Depends on the size. If it is more that a few 10’s of galaxies it would be better to download the data than to include it in the repo.

Are these data available somewhere already?

eacharles commented 1 year ago

Does src/rail/examples_data/testdata/output_BPZ_lite.fits work? it is already in the repo.

sschmidt23 commented 1 year ago

@hangqianjun I was looking at this PR earlier, I don't think that we want to have input parameters in a .ini file unless there is a strong reason to do so, as that file could change between runs if someone pushes a change and updated values could lead to non-reproducibility on subsequent runs. Having all of the parameters as config params seems like a better way of tracking things in terms of reproducibility. Was there a reason to do this with a .ini file, e.g. maybe TXPipe does something like that?
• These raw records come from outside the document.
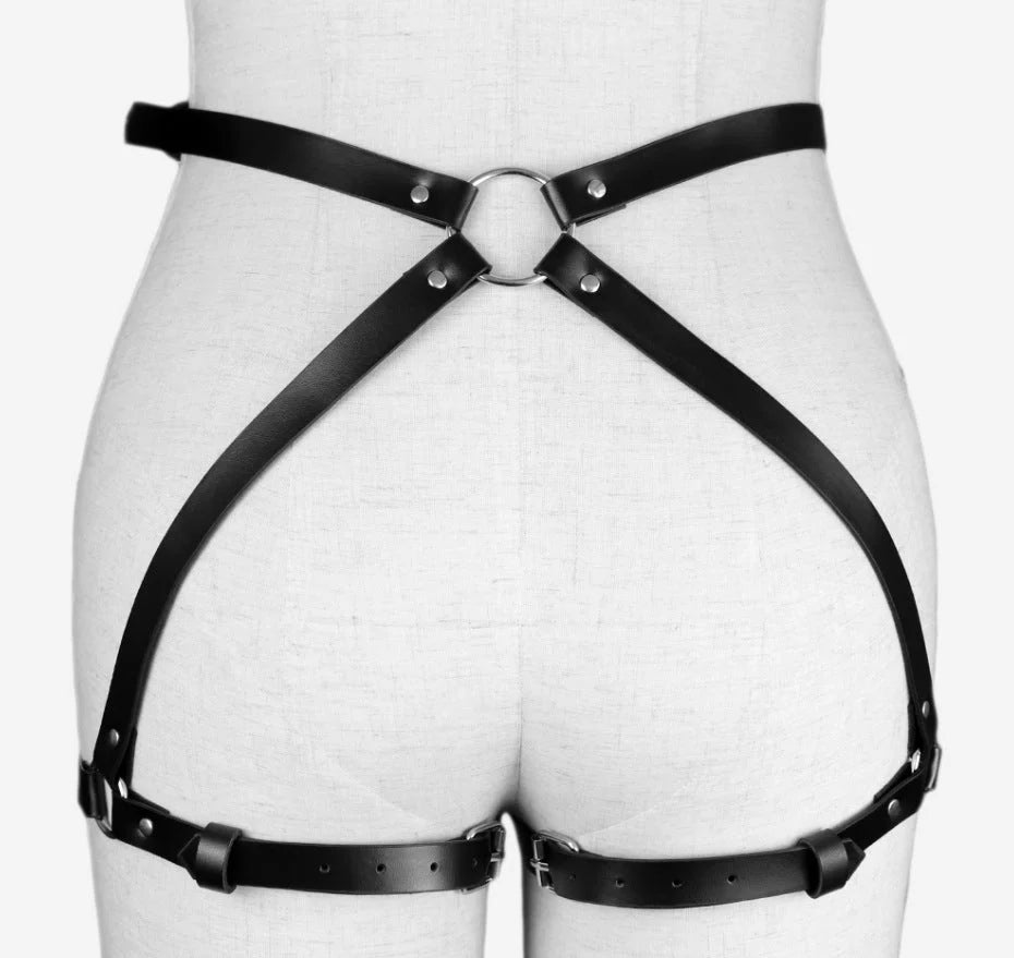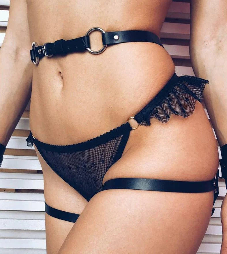 - Design Features: Adjustable waist harness with O-ring detail, strappy thigh garters, sheer ruffle mesh panties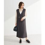 【着用サイズ ニット:F ジャンパースカート:F】シャリ感のあるジョーゼット生地を使用したジャンパースカート。肩後ろの折り返しデザインがさりげなく個性を引き立てます。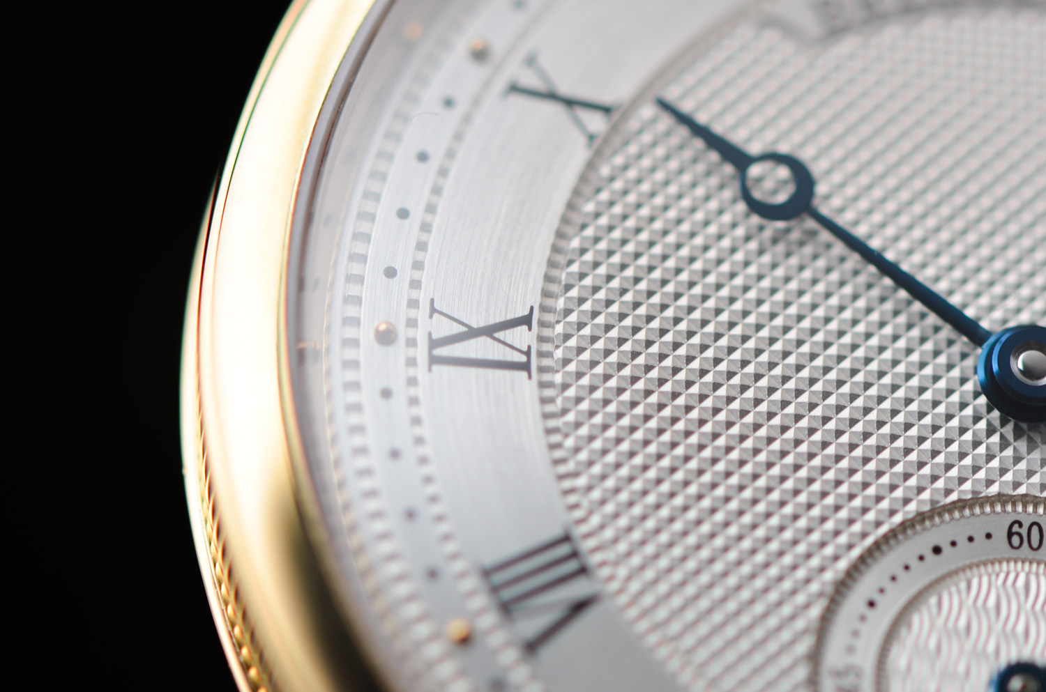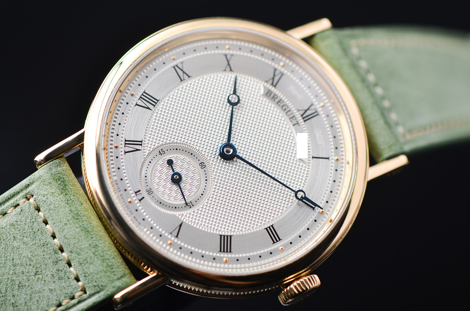 18K 黄金表壳,经典宝玑钱币纹表圈,线条柔和而克制;

Also, output_BPZ_lite.fits may not be the best test file, as the mode values for the first 10 galaxies are all either at z<0.2 or z>2.8, and thus the default tomographer value (for SRD binning) for all 10 is -99. We may need to include another small test file here with more appropriate mode values.

Other than that, this looks very nice!

hangqianjun commented 1 year ago

Hi @aimalz, are you happy with the module/algorithm names? Let me know if you have suggestions!